Pearson’s correlation coefficient is a measure of the linear dependence between two variables X and Y, giving a value between +1 and −1 inclusive. A value of 1 implies that a linear equation describes the relationship between X and Y perfectly, with all data points lying on a line for which Y increases as X increases. A value of −1 implies that all data points lie on a line for which Y decreases as X increases. A value of 0 implies that there is no linear correlation between the variables. [3] Although it depends on the data being analyzed, typically anything over 0.5 or below -0.5 indicated a large correlation. Pearson’s correlation coefficient can be calculated using the equation below, where X and Y bar are the means of the two variables.

For further information on Pearson’s correlation coefficient, see [3].

### 2.4 Testing

Testing of the clustering algorithms was performed with the entire dataset of 100 examples. For single link clustering, the algorithm was run using the Euclidean distance measure and Pearson’s correlation coefficient. For *k*-means clustering, the algorithm was run using the Euclidean distance measure 8 times. Each time the program was run, the number of clusters specified, *k*, was increased by one from 2 clusters to 10 clusters. Discussion of results are in section 4.

### 3. Potential Problems

There was one main problem that we encountered during implementation and testing. Our biggest problem is that with single link clustering, we observed the chaining effect.
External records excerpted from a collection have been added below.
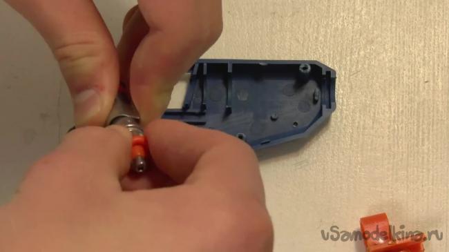 Осталось лишь сделать систему, которая будет подавать стержни, ведь заводскую мы удалили вначале работы. Систему можно сделать при помощи резинки, закрепив ее за хомуты и зафиксировав на корпусе одной кнопкой.
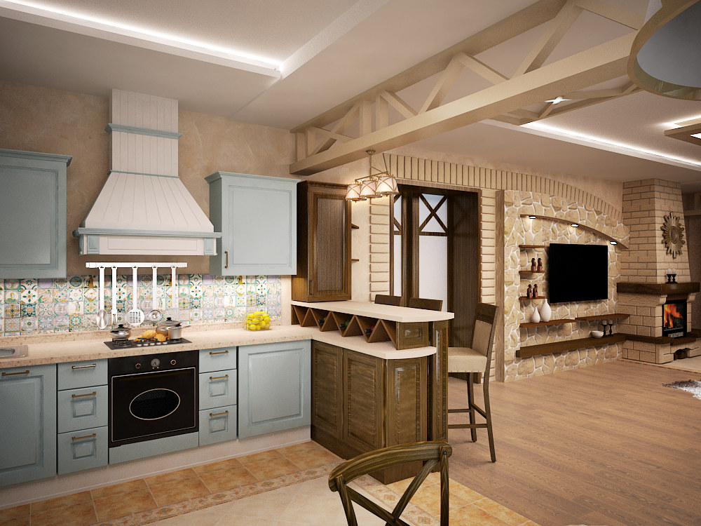 - Hud dapur. Hud range moden yang berkuasa adalah prasyarat dalam mewujudkan kawasan bersama untuk memasak dan tempat untuk menerima tetamu, bersantai.
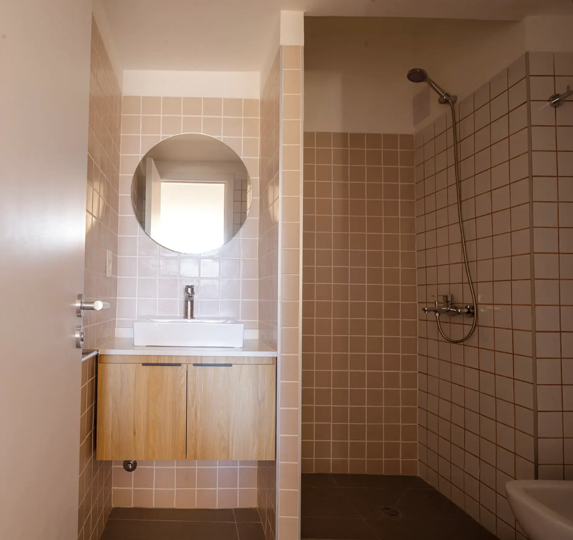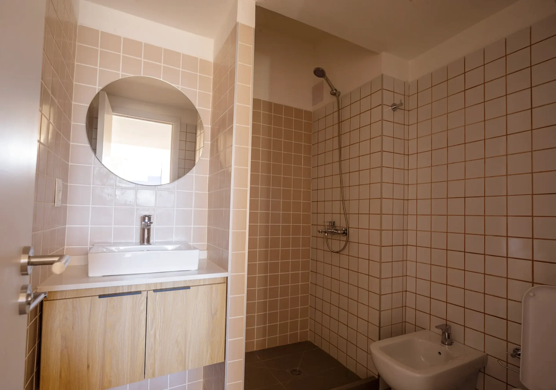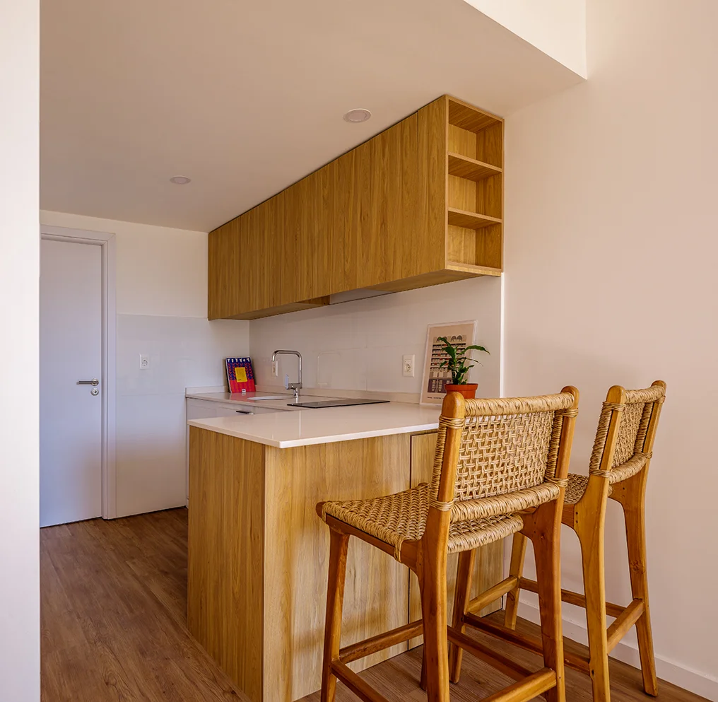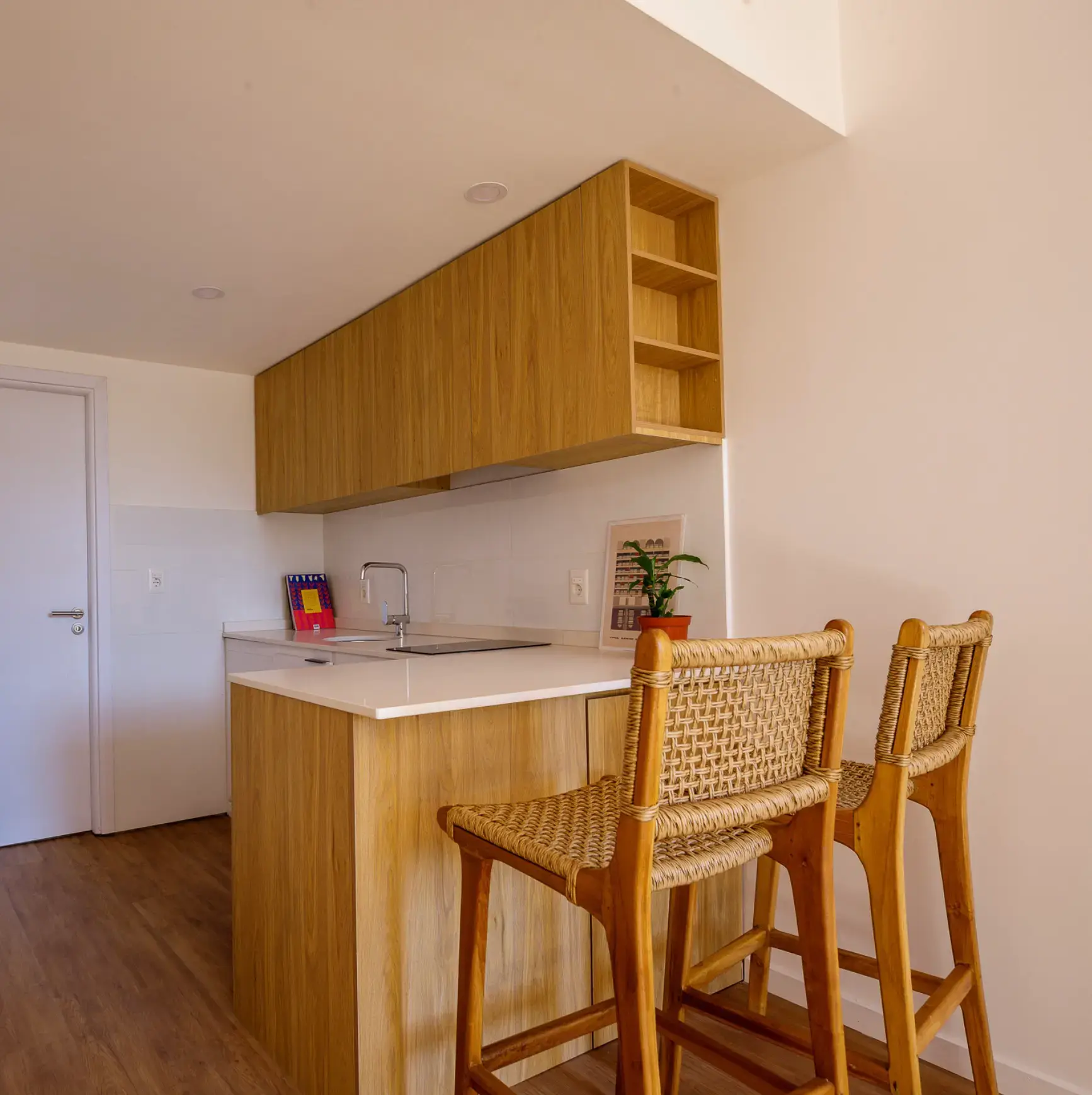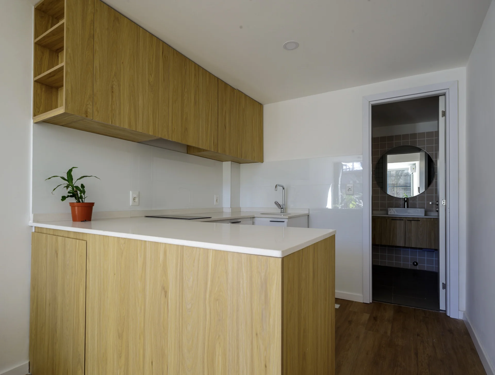 La cocina integrada, con barra y detalles en madera clara, se entrega equipada y pensada para optimizar cada espacio, manteniendo un estilo contemporáneo y funcional. Cuenta con vitrocerámica y horno empotrado. El baño, revestido en cerámicas le aportan personalidad y frescura, cuenta con todas las comodidades de un diseño actual.

The chaining effect is where “points that are not related to each other at all are merged together to form a cluster simply because they happen to be near (perhaps via a transitive relationship) points that are close to each other.” [4] By including dissimilar objects, this can cause clusters to become skewed. A potential solution to this problem would be to either specify a maximum distance threshold, above which points (or clusters) would not be merged. This could also serve as part of the termination criteria. Another solution, would be to use a complete link distance criteria. [4] The chaining effect is most obviously seen when the output of the clustering program is a dendrogram.

### 4. Evaluation

For the evaluation of the results, we have chosen to use several different evaluation criteria. For single link clustering, we will qualify our results by examining the intra-cluster and inter-cluster distance, which measures the homogeneity of the clusters. In addition, we also evaluate the distance threshold at which the clusters were merged and the entropy within the cluster. Lastly, we evaluate the cluster by calculating the recall, precision and F measure of that cluster.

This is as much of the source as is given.